NEW YORK TIMES: Howardena Pindell: In My Lifetime

Holland Cotter, New York Times , 28 Jul 2006

New York Times
Art in Review; Howardena Pindell

Thirty years ago Howardena Pindell was well known for meditative, process-based abstract art. It included drawings composed of sequences of numbers and words, and collagelike paintings made with thousands of punched-paper circles that seemed to float in clusters, like clouds, against grids of taut thread. There were handsome examples of such work in "Energy/Experimentation: Black Artists and Abstraction 1964-1980" at the Studio Museum in Harlem last spring. And there are others in "In My Lifetime," a retrospective-style gallery show at G. R. N'Namdi.

But Ms. Pindell's art has always had two aspects. In 1980, at the same time she was doing abstract work, she made a short video, "Free, White and 21." In it she sat before the camera for 12 minutes and, in a simple, symbolic performance, delivered a devastating account of the enforced silence and invisibility that is racism. The piece addressed itself squarely to the art world, among other audiences. And it has a powerful successor in Adrian Piper's video installation "Out of the Corner," one of the highlights of the Whitney Museum's permanent-collection show "Full House."

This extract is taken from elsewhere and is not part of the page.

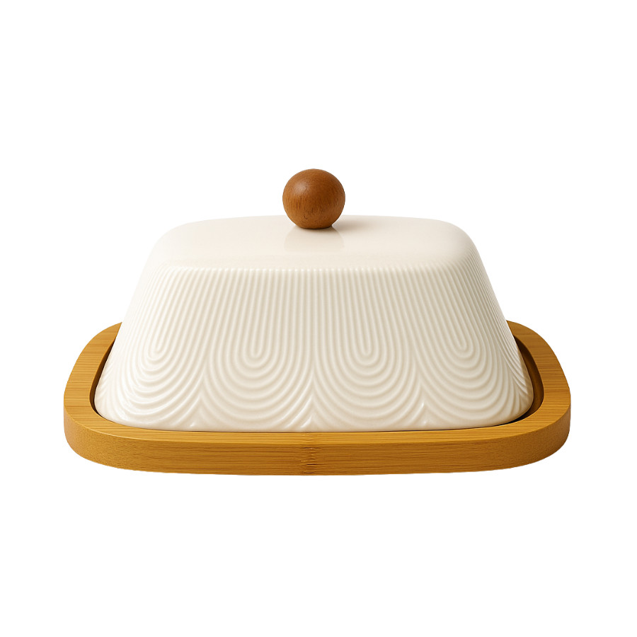Manteigueira Em Porcelana Com Base Bambu Porta manteiga Oasis

Ms. Pindell has continued to produce abstract work over the years since, most recently in a series of exquisite small prints. But her painting also assumed and maintained an overtly political direction, in large-scale pieces that combined abstraction, words and figures to deal with social and political issues, from AIDS and homelessness to the war in Iraq.

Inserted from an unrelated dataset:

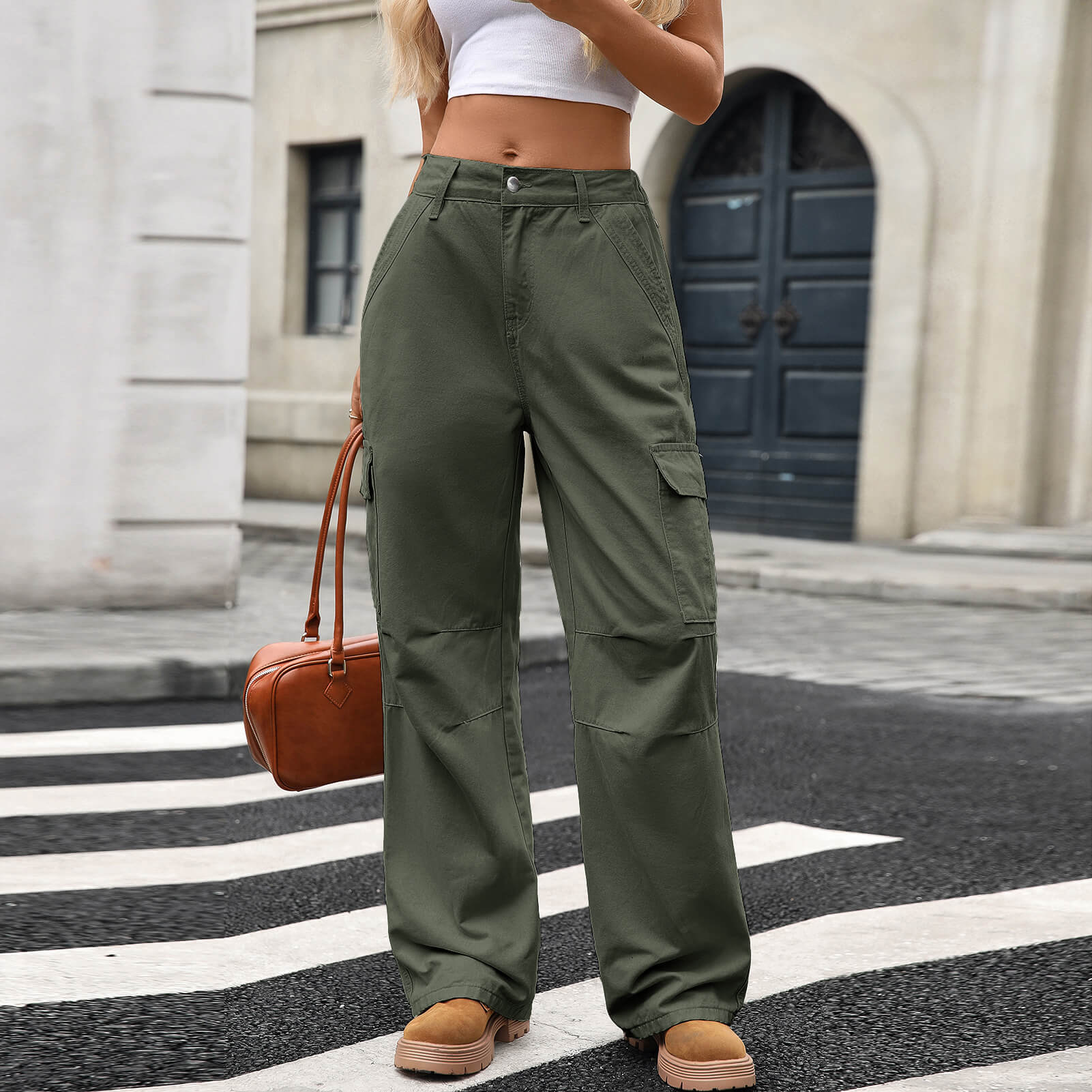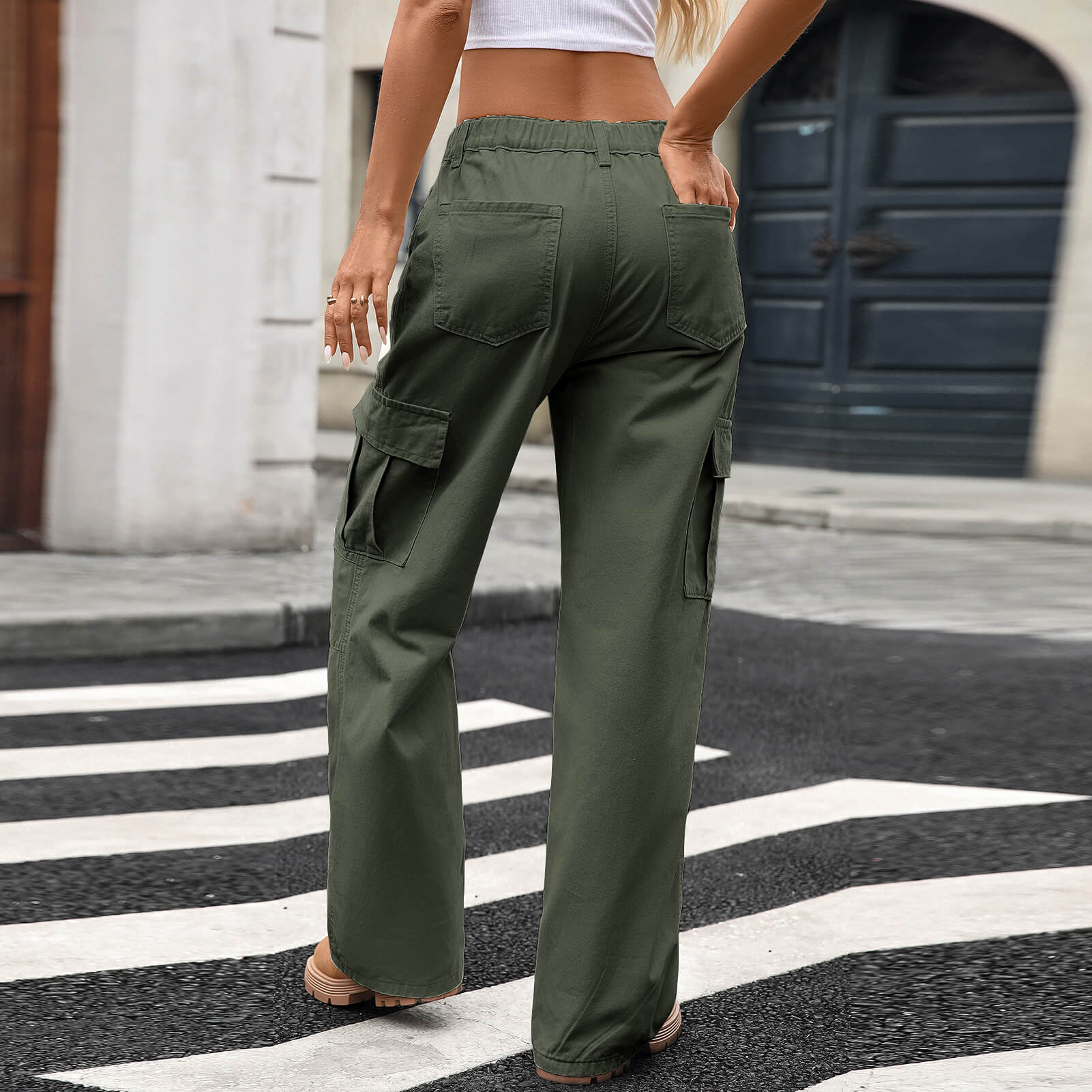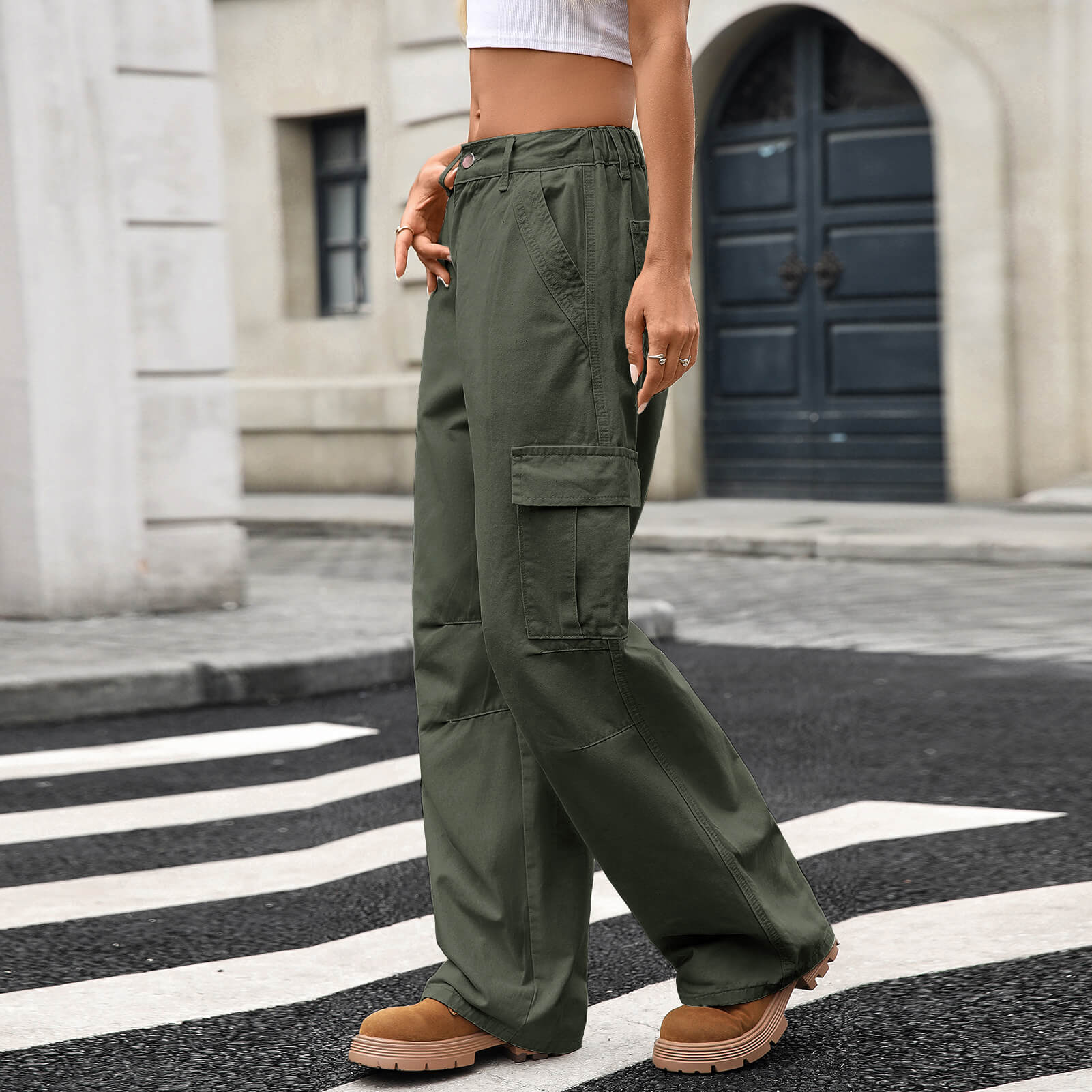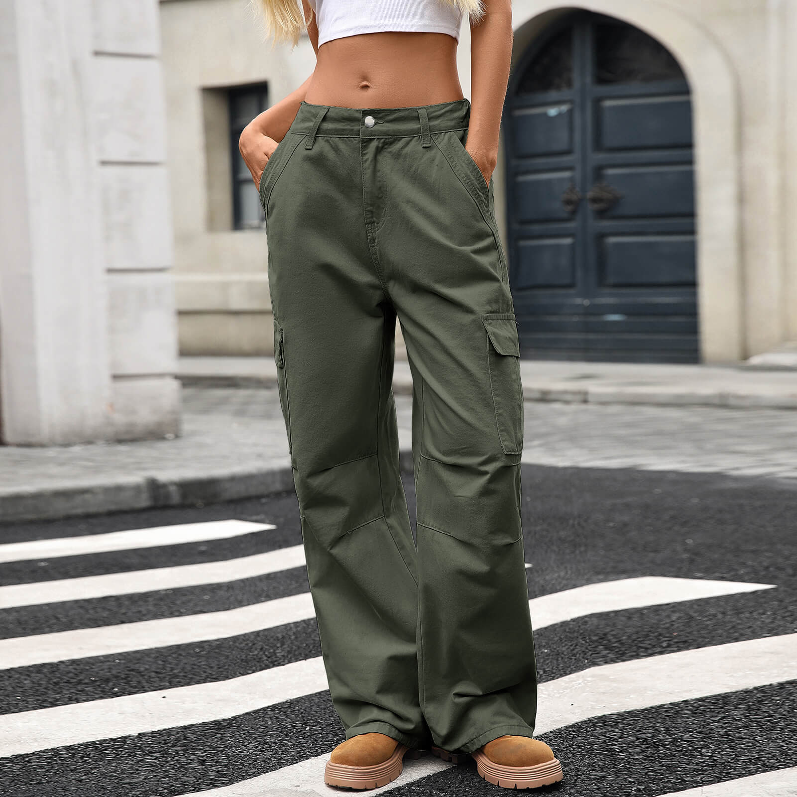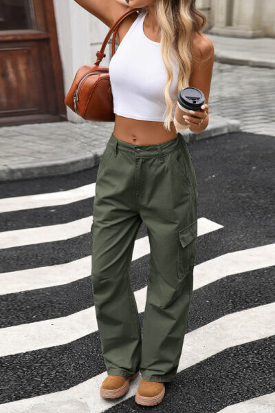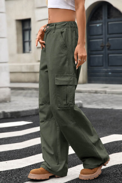 Jungle Green Loose Fit Denim Cargo Pants with Large Side Pockets

These monumental pictures dominate the exhibition at N'Namdi. As polemics, they are uncompromising and implacable. But only when seen together, as they are here, does it become clear how thoroughly they are based on -- emerge from, are fueled and inflected by -- the individual experiences and memories of the artist herself, who is in her 60's. "The personal is political" is the cliché of an earlier era, the one in which Ms. Pindell's career began. It also happens to be true. And as she continues to produce her deeply personal and political art, her lifetime is our lifetime.